Instructions for the task> Exactly as they appear, retype the lines from the one containing "Plakatą sudaro rėmas, pleksiklas, atspausdintas" through the final line of the data below. Leave pictures out.

Items from a dataset
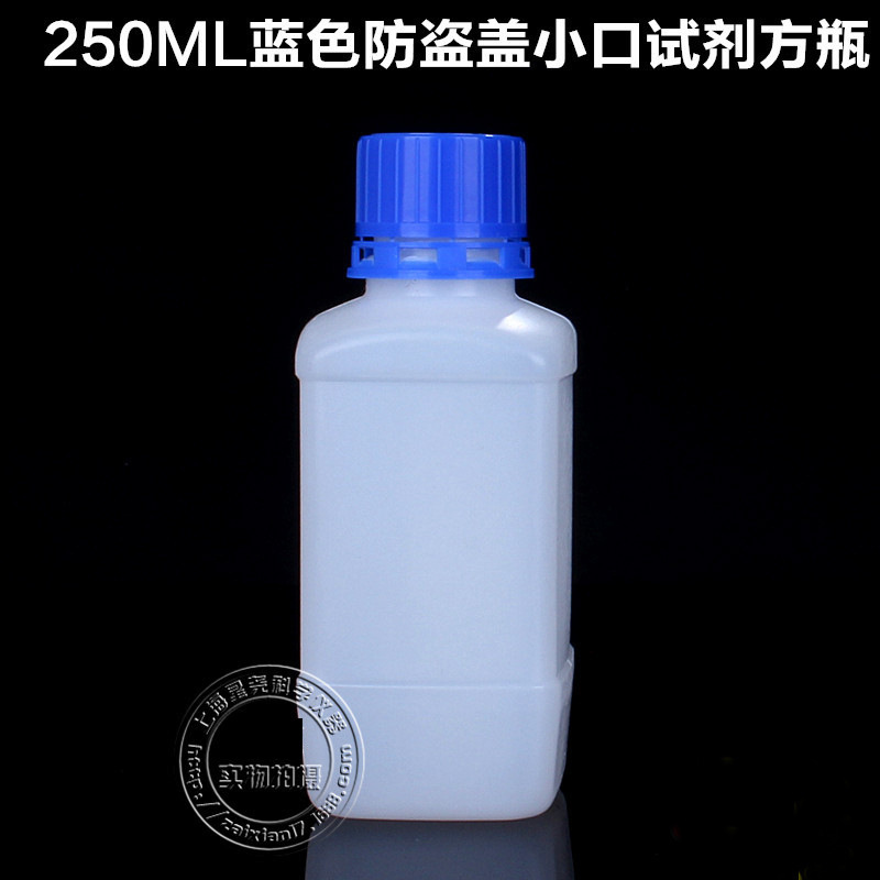 特点:防盗瓶盖,带有内塞,品质稳定,手感好,厚实稳重,档次高。 用途:存放实验溶液,特别适合生物学实验室.适用于化学试剂生产商分装与灌装试剂,公司灌装与分装诊断试剂盒的溶液理想容器。 材质:HDPE(高密度聚乙烯) 参数:容量250ML 瓶盖直径3.6cm 瓶口内径2.30cm 瓶身直径5.8×5.8cm 瓶身高度141cm 包装:250ML/250个箱 颜色:本色 品名:塑料蓝盖试剂瓶 规格:250ml 重量:35g
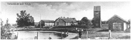 Приблизительно в центре деревни находился большой деревенский пруд. Не могу припомнить, катался ли я там на «крендельных санках». По устному преданию, в первые годы после заселения деревни оба пруда были настолько велики, что образовывали единый водоем. Позднее его средняя часть, благодаря заносам песком и продуктами верхнего слоя почвы, превратилась в плодородную пашню, где смогли обосноваться ее владельцы, предшественники крестьянина Эггерта (Eggert) и колесного мастера Поллейта (Polleit).
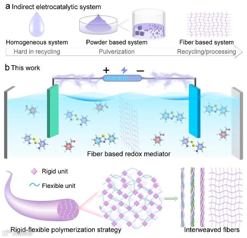 聚合物纤维是一种来源于自然并被人类掌握的细长材料,已广泛应用于纺织、建筑、医疗保健、汽车或航空航天等领域。如果可以整合独特的电催化功能,聚合物纤维也将是间接电催化中氧化还原介体的理想候选物,这可能实现可加工、可循环和有效的非均相间接电催化系统,对于真正的催化场景如流动床催化或工业规模生产具有很大的潜力。此外,聚合物纤维的柔性或刚性等性质也很重要,因为它们与电催化过程中的耐久性密切相关,而由于多功能材料设计的困难,它们之间的平衡仍然是一个巨大的挑战。
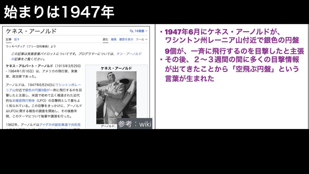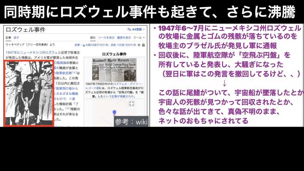 この年の6月に、ケネス・アーノルドという人が、ワシントン州のレーニア山付近で、銀色の円盤9個が、一斉に飛行するのを目撃したと主張し、それが新聞などに取り上げられたことで、それから2、3週間の間に多くの目撃情報が寄せられ、「空飛ぶ円盤」という言葉が生まれました。
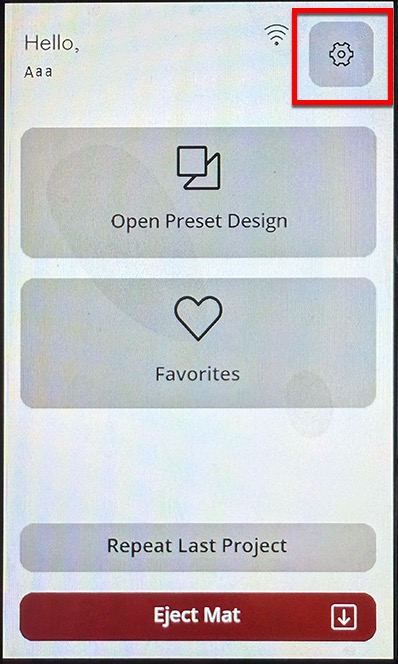 To begin, touch the Settings (Gear) button on the Singer Momento display screen.
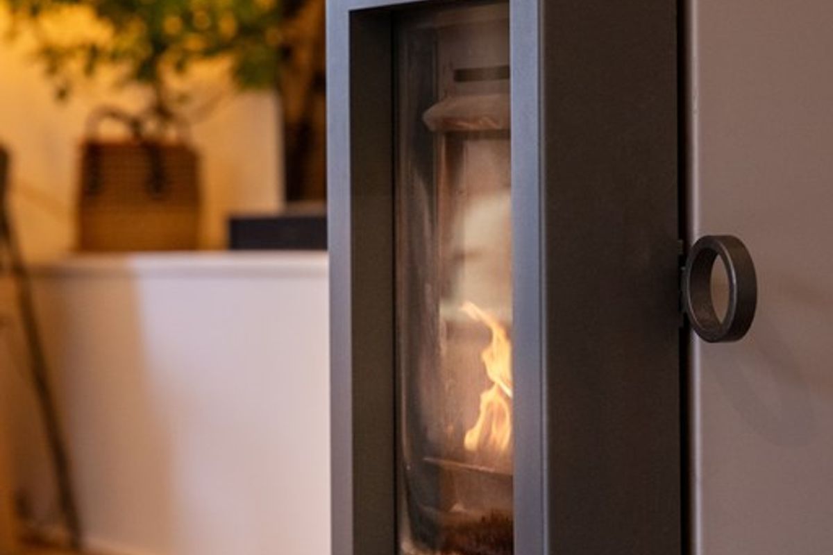 Centraal in de ruimte staat de houtkachel, die niet alleen warmte biedt maar ook bijdraagt aan de sfeer en het comfort. Via de openslaande deuren is er direct toegang tot de tuin, waardoor binnen en buiten op natuurlijke wijze in elkaar overlopen. Een aangename leefruimte voor elk seizoen, waarin rust, licht en uitzicht centraal staan.
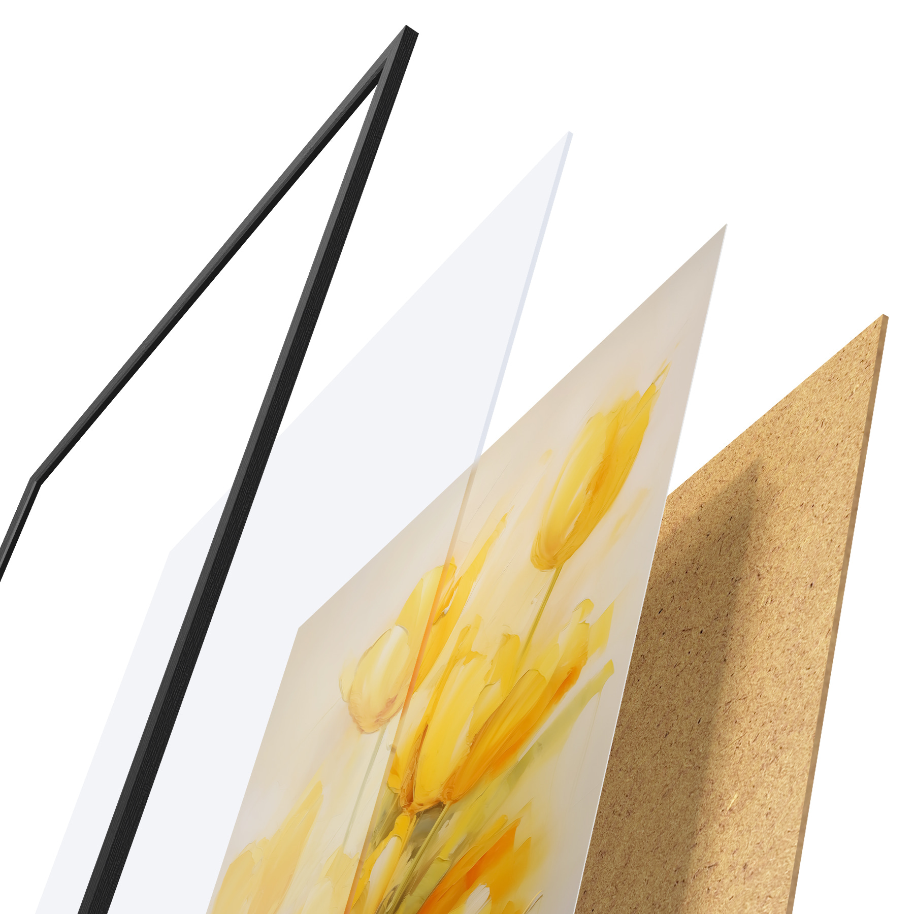 Plakatą sudaro rėmas, pleksiklas, atspausdintas vaizdas ir medžio drožlių plokštės pagrindas. Plakatą galima iš karto pakabinti ant sienos dėl kitoje pusėje esančių laikiklių.
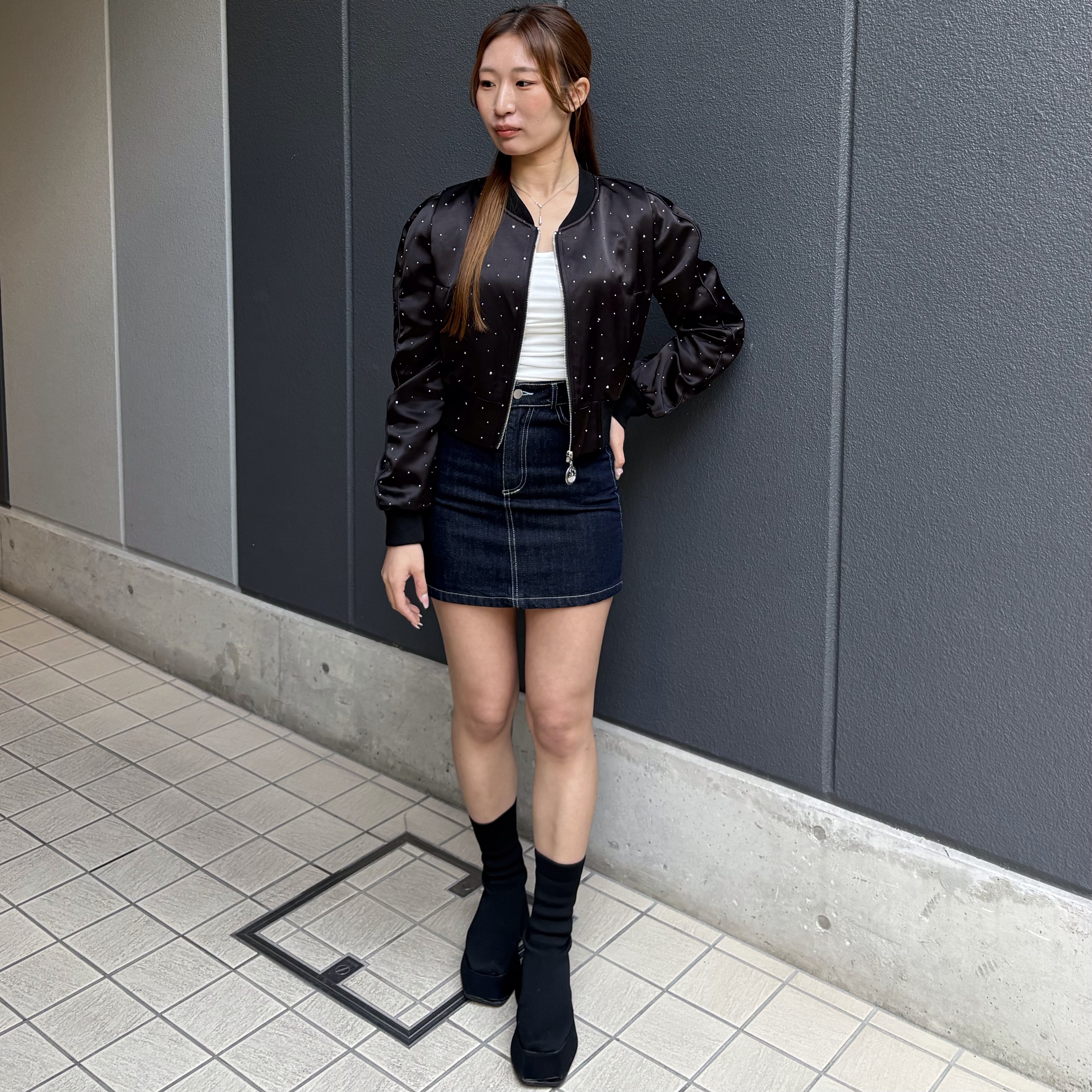 ラメストーンが目を惹くブルゾンジャケット⭐️

Exercise result>
 Plakatą sudaro rėmas, pleksiklas, atspausdintas vaizdas ir medžio drožlių plokštės pagrindas. Plakatą galima iš karto pakabinti ant sienos dėl kitoje pusėje esančių laikiklių.
 ラメストーンが目を惹くブルゾンジャケット⭐️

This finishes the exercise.